2012-10-03 04:15:18 by admin
DeFunis v. Odegaard (1974)was the first affirmative action in higher education case to reach the U.S. Supreme Court. In this case, a law school applicant argued that he was denied admission in favor of minority applicant who was less qualified. Unfortunately, the Court never resolved the merits of the case, because DeFunis was eventually admitted to the law school, thereby rendering the case moot, at least at the federal level. As a result, the first Supreme Court case to address affirmative action in higher education admissions was Regents of the University of California v. Bakke in 1978. In addition to Bakke, four federal appellate court cases have addressed similar issues within the context of higher education. These cases set the stage for the landmark 2003 Gratz v.

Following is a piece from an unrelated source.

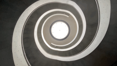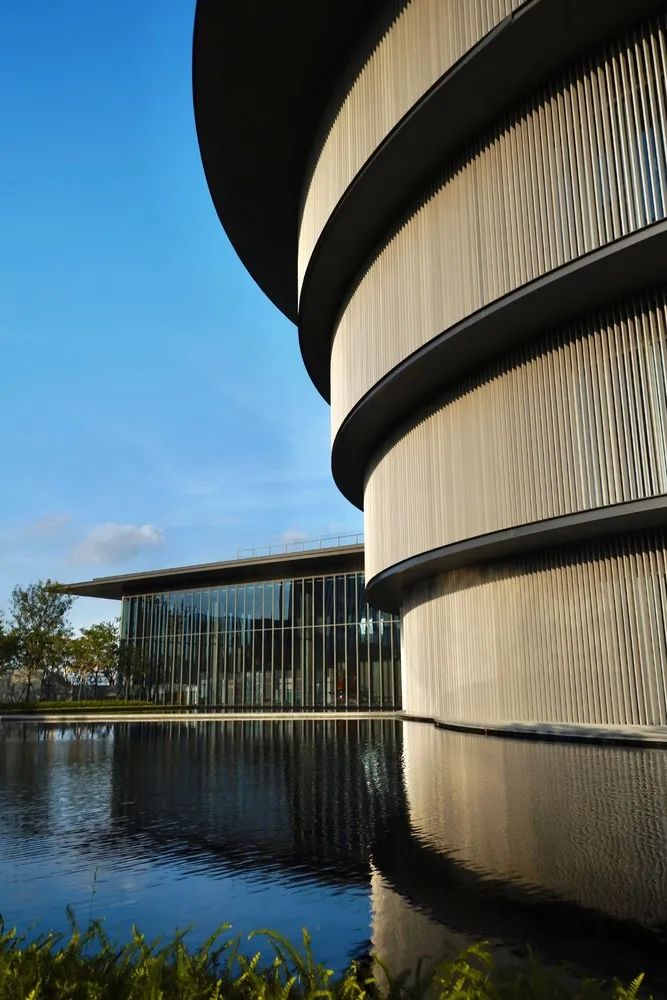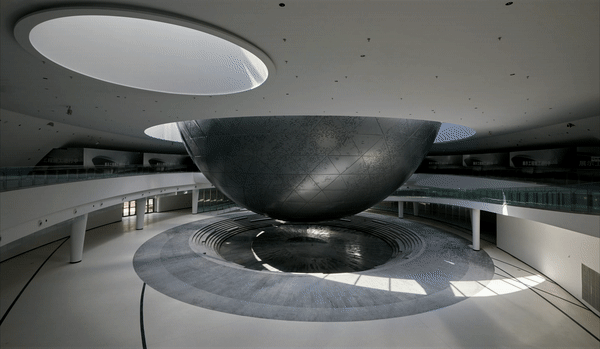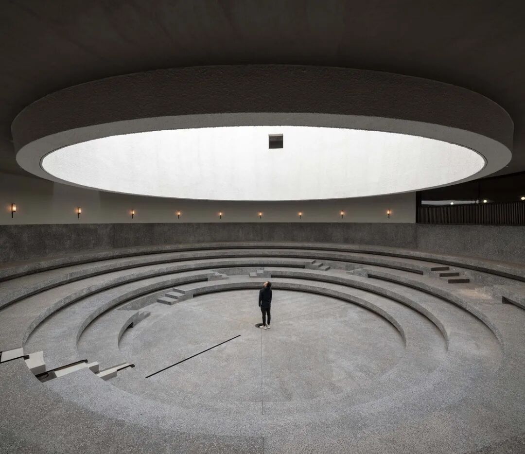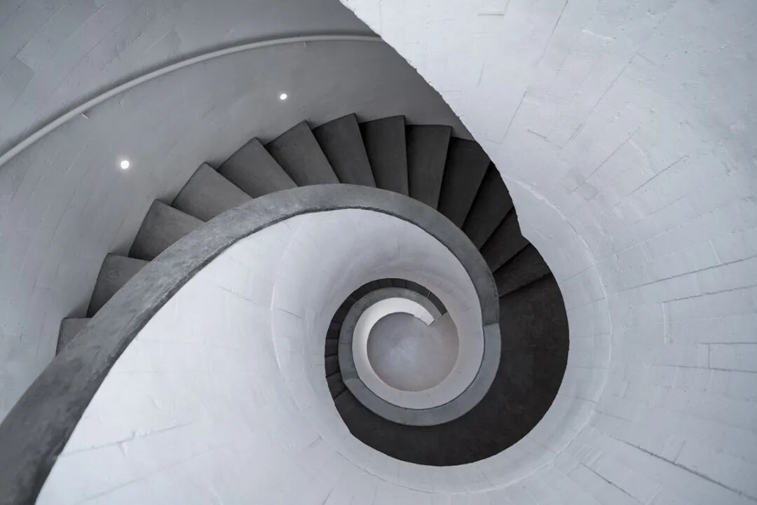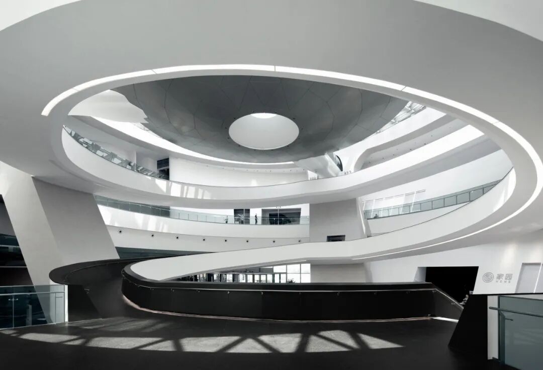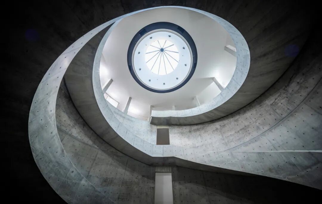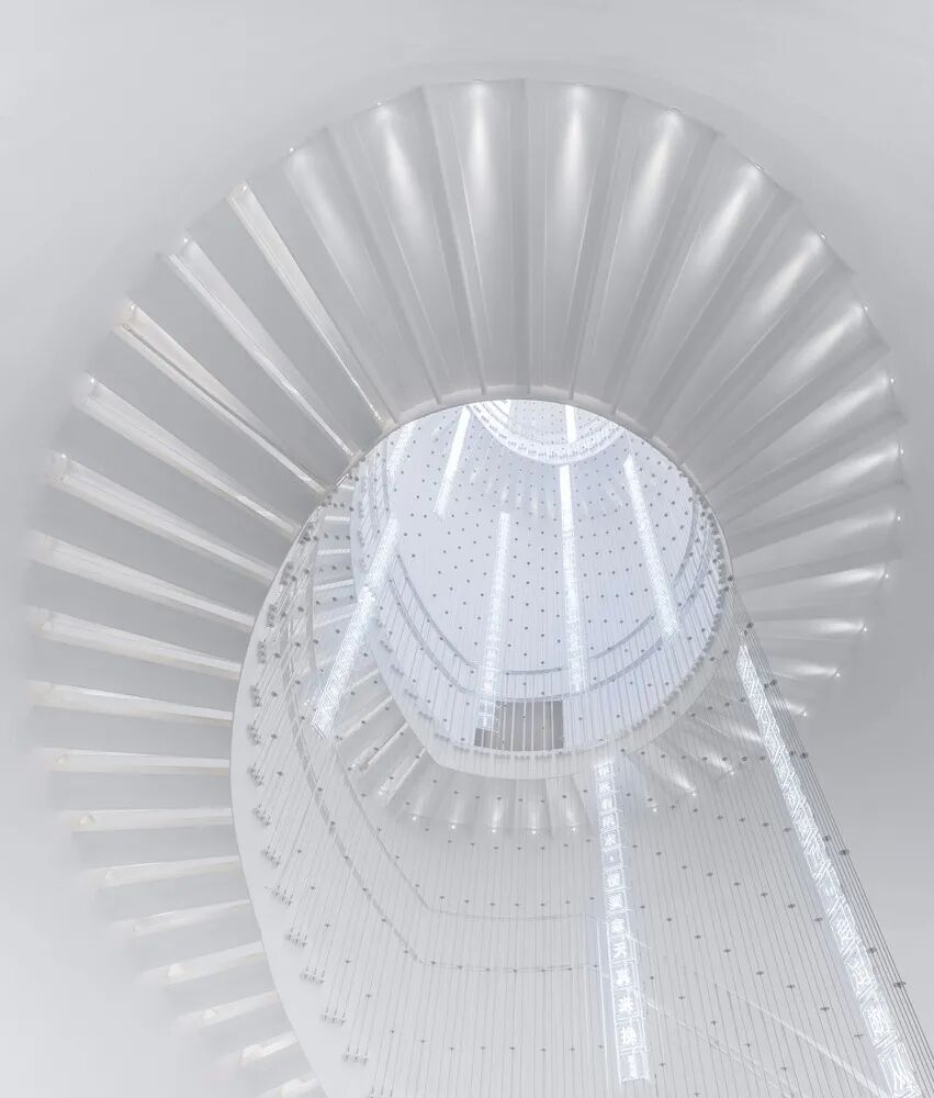 这是世界首条清水混凝土双螺旋楼梯。以双螺旋楼梯为中央,不同心圆形建筑如同水波纹一般层层向外,如向城市扩散的“涡旋”。

BollingerandGrutter v. Bollinger Supreme Court decisions (“the Michigan decisions”) that provided additional guidance on the constitutionality of race-conscious affirmative action programs in higher education.
The Supreme Court’s 1978 decision in Bakke addressed a university’s consideration of race as part of its admissions program. Allan Bakke was a White male who was denied admission by the University of California, Davis, School of Medicine. Bakke alleged that the medical school’s admissions program had violated the Equal Protection Clause by using a quota: The school had reserved 16 out of 100 places for disadvantaged minority students, thus accepting less-qualified minority applicants, according to Bakke. He claimed that the students who filled these 16 spots had lower grade point averages and test scores than White students who were rejected. Bakke alleged that his rights under the Equal Protection Clause of the Fourteenth Amendment (and under Article I of the California Constitution) had been violated, because the medical school’s program treated him differently than the successful minority applicants and excluded him because of his race.
A highly divided Supreme Court held that the medical school’s policy of setting aside 16 seats to be filled only by minorities was unconstitutional, thus establishing the unconstitutionality of using quotas. However, the Court reversed an earlier ruling that race could never be considered a factor in education. After Bakke, universities were left to wonder whether or to what extent race could be used in admissions, because there was a lack of a clear standard of whether race could be considered in admissions. Subsequent to Bakke, federal appellate courts in the Fifth, Eleventh, Ninth, and Sixth Circuits decided affirmative action cases in higher education. The Fifth and Eleventh Circuits did not uphold university affirmative action programs, while the Ninth and Sixth Circuits sustained the constitutionality of such policies.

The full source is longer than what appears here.